From analog to digital: regulatory evolution of tax code models in Latin America and the Caribbean (LAC).

1) Introduction

When talking about tax code models for Latin America and the Caribbean (LAC), the technical and doctrinal debate revolves around two fundamental references that have marked different stages of the regional regulatory development.

The first of these is the 1967 Model Tax Code for Latin America, promoted by the Organization of American States (OAS) and the Inter-American Development Bank (IDB), which laid the foundations for a common legal structure in tax matters, guided by the essential principles of tax law -material, formal, procedural and criminal- in harmony with the Latin American constitutions and doctrine of the time.

The second, more recent one (which is already 10 years old, since its last update in 2015), is the 2015 CIAT Model Tax Code [1], prepared by the Inter-American Center of Tax Administrations (CIAT), the IDB and GIZ [2]. This proposal updates the regulatory approach to align it with contemporary challenges, integrating operational efficiency, digital transformation, international cooperation and taxpayer assistance in an increasingly globalized and digitalized tax environment.

Both models, although conceived in different historical contexts, remain essential reference points for tax reforms in the region. While the 1967 model provided a solid dogmatic basis, the 2015 model responds to the need to adapt tax legislation to the 21st century.

 

2) Development

For decades, tax systems in LAC have oscillated between two points: regulatory stability and the imperative need to adapt to a constantly changing economic and technological reality. This tension is clearly seen when comparing these two tax code models promoted in the region.
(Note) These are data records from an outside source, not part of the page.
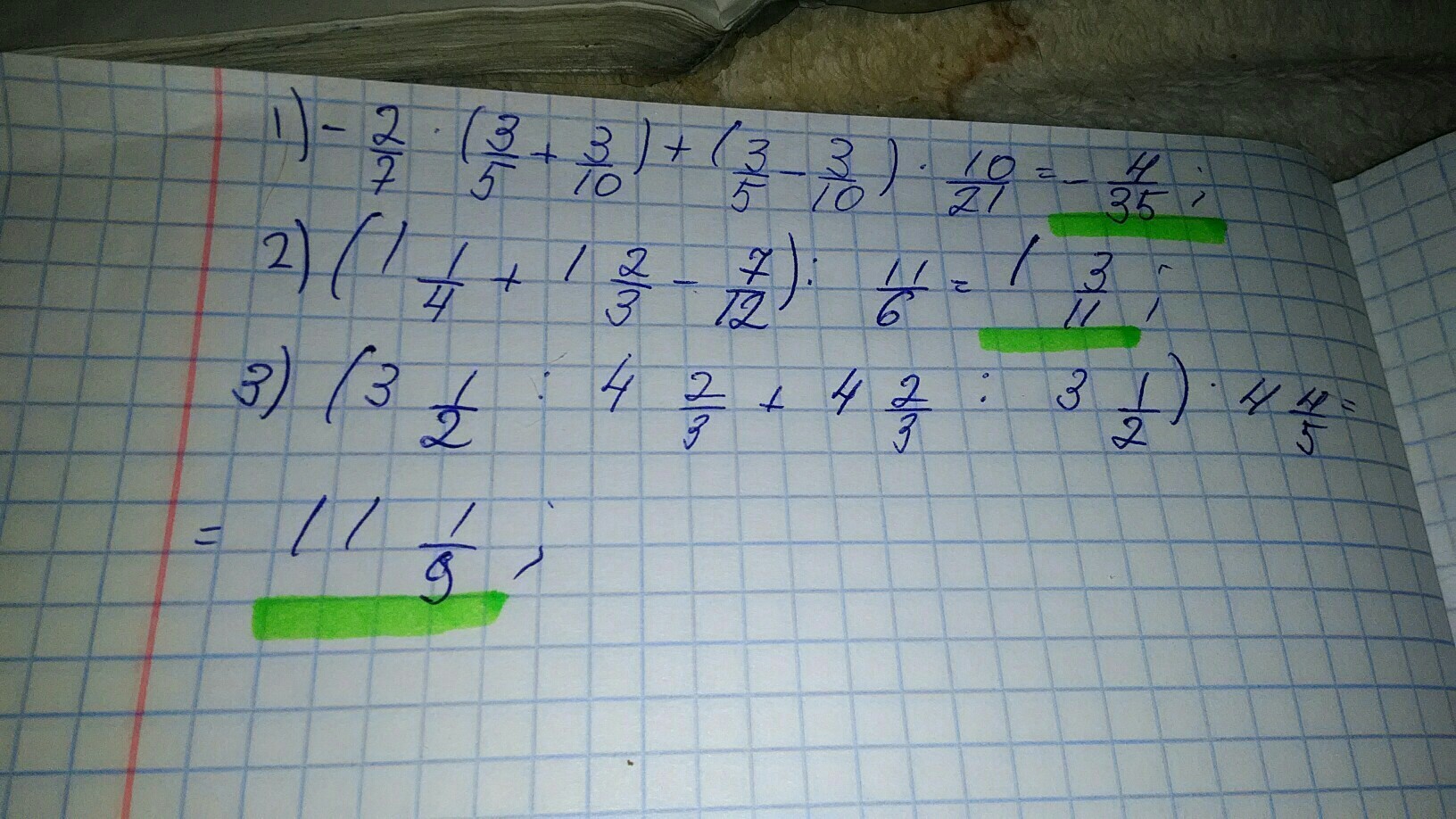 1)-2/7умножить(3/5+3/10)+(3/5-3/10)умножить 10/21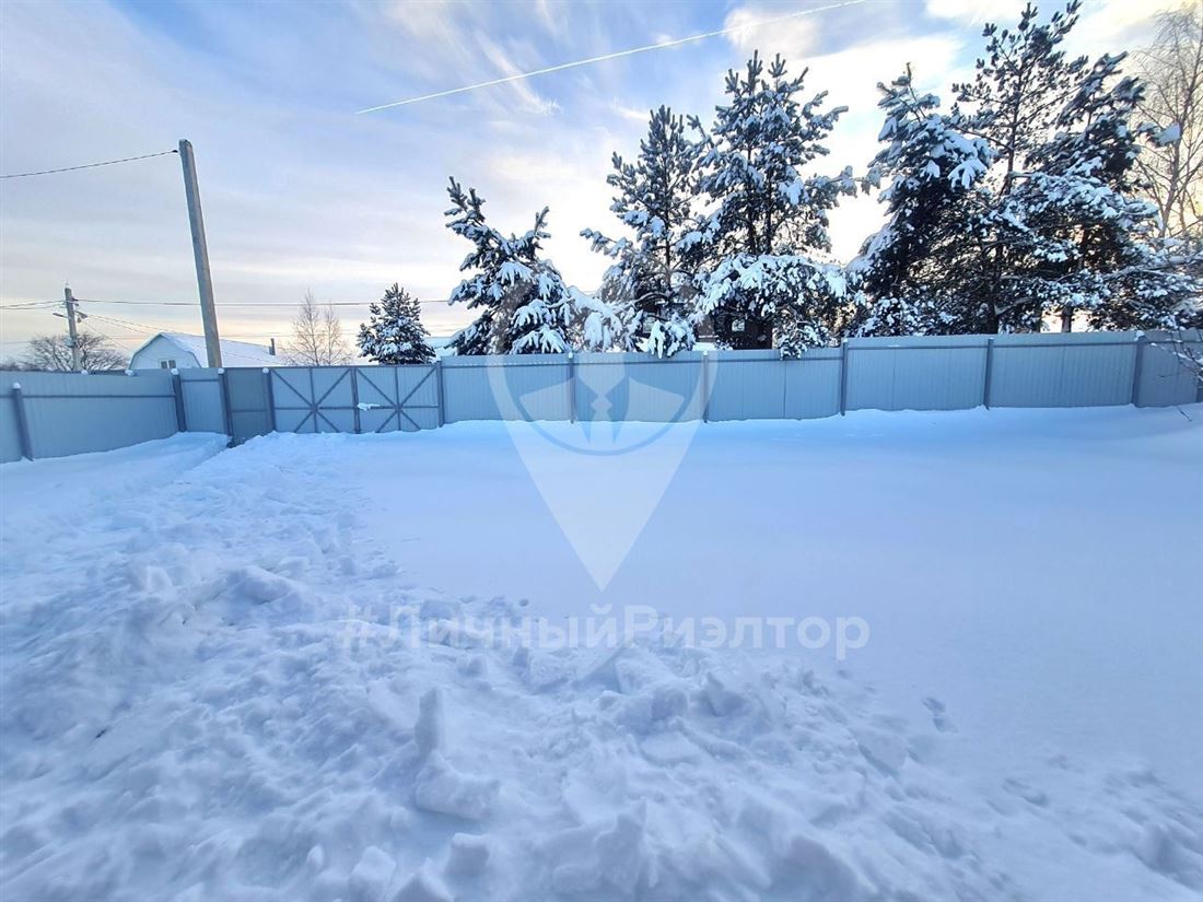 Участок 10 соток, огорожен забором, ровный, с распашными воротами и калиткой.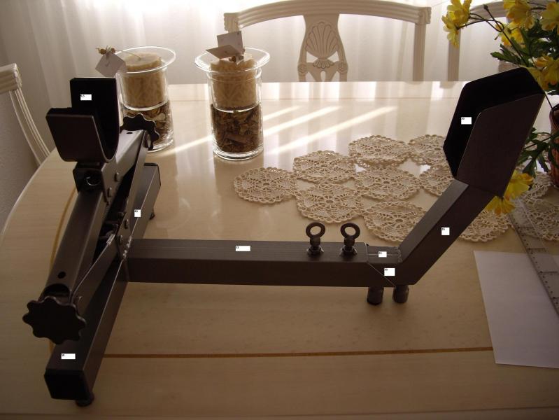 Como un banco de tiro me parece mucho aparato y muy caro para poco uso, había pensado en un "soporte para tiro". Veo que te permite apoyar el rifle adelante, atrás, y apoyar la culata en el hombro agarrándola como en el disparo normal. Tiene 4 patas de goma, te permite además modificar la largura y elevación, y después de disparar también podría hacer la corrección sin que se mueva. Lo apoyaría en el capó del Terrano sobre una base de espuma dura que tengo por ahí.
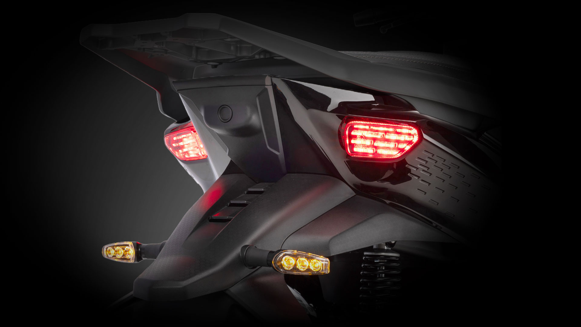 Ο μπροστινός διπλός προβολέας προσφέρει δυνατή δέσμη. Στο επάνω μέρος, η χαρακτηριστική υπογραφή DRL σχηματίζει ένα μπούμερανγκ, τονίζοντας το δυναμικό στυλ του scooter. Τα φλας και τα alarm τοποθετούνται χαμηλότερα στα άκρα της ποδιάς, ώστε κάθε αλλαγή πορείας να γίνεται αμέσως αντιληπτή από τους γύρω.

The 1967 model, although avant-garde at the time, responded to an analogical context: manual processes, paper records and face-to-face attention. An eloquent example is found in its Article 145 on notifications, which provides exclusively for physical means such as postal mail or personal delivery.

In contrast, the 2015 CIAT model not only recognizes the digitalization and digital transformation of the Tax Administration but incorporates it as a central axis. For example, Articles 81 and 87 [3] expressly establish the validity of notifications by electronic means, including electronic mailboxes, alert systems and mechanisms that guarantee authenticity, integrity and reception.
Moreover, Title III of the 2015 CIAT model, in its Section 5, entitled “Electronic Tax Administration”, introduces an advanced regulation of technological means. Articles 96, 97 and 98 [4], without prejudice to other aspects established throughout the model, establish some essential elements related to: 1) The automation of procedures, 2) The use of electronic programs, 3) The creation of electronic mailboxes and 4) The legal equivalence of digital documents.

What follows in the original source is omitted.